--- RECORDS PROVIDED ---
+++

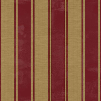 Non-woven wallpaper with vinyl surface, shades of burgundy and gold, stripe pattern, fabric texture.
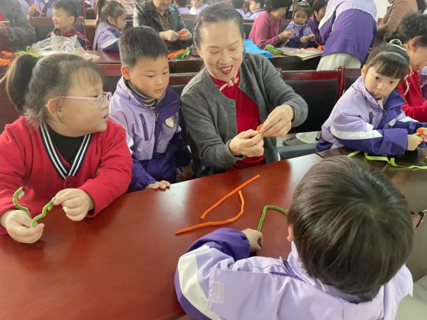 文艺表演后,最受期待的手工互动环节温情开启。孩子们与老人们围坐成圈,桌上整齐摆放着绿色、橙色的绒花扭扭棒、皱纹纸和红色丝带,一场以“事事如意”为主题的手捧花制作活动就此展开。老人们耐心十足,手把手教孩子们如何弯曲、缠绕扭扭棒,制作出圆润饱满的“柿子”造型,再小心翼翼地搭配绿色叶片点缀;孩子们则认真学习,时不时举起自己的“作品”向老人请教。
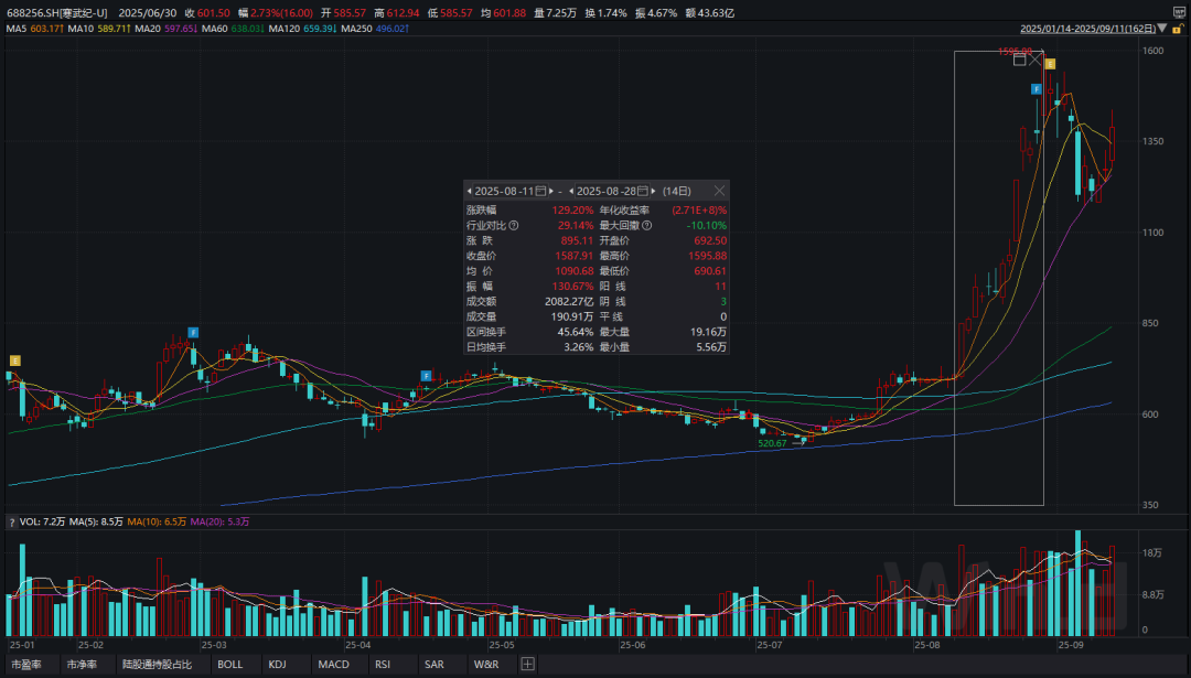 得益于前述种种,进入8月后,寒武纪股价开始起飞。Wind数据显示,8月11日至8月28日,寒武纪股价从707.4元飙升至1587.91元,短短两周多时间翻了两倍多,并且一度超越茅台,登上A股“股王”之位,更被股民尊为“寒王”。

+++

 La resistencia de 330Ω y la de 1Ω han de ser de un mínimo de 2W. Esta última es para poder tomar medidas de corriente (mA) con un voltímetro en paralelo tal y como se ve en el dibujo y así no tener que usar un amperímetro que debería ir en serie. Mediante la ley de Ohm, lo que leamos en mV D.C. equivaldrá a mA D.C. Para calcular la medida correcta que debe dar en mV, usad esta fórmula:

+++

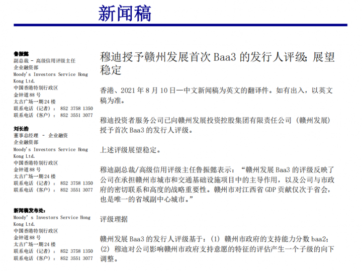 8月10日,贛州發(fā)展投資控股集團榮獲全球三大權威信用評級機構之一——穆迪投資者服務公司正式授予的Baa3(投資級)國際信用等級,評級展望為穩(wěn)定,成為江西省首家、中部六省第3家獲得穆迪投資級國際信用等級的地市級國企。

+++

--- DIRECTIONS ---
The material above holds pictures; leave them out and set down exactly the lines from the line with "Non-woven wallpaper with" to the line with "得益于前述种种,进入8月后,寒武纪股价开", both included.

--- OUTPUT OF THE EXERCISE ---
 Non-woven wallpaper with vinyl surface, shades of burgundy and gold, stripe pattern, fabric texture.
 文艺表演后,最受期待的手工互动环节温情开启。孩子们与老人们围坐成圈,桌上整齐摆放着绿色、橙色的绒花扭扭棒、皱纹纸和红色丝带,一场以“事事如意”为主题的手捧花制作活动就此展开。老人们耐心十足,手把手教孩子们如何弯曲、缠绕扭扭棒,制作出圆润饱满的“柿子”造型,再小心翼翼地搭配绿色叶片点缀;孩子们则认真学习,时不时举起自己的“作品”向老人请教。
 得益于前述种种,进入8月后,寒武纪股价开始起飞。Wind数据显示,8月11日至8月28日,寒武纪股价从707.4元飙升至1587.91元,短短两周多时间翻了两倍多,并且一度超越茅台,登上A股“股王”之位,更被股民尊为“寒王”。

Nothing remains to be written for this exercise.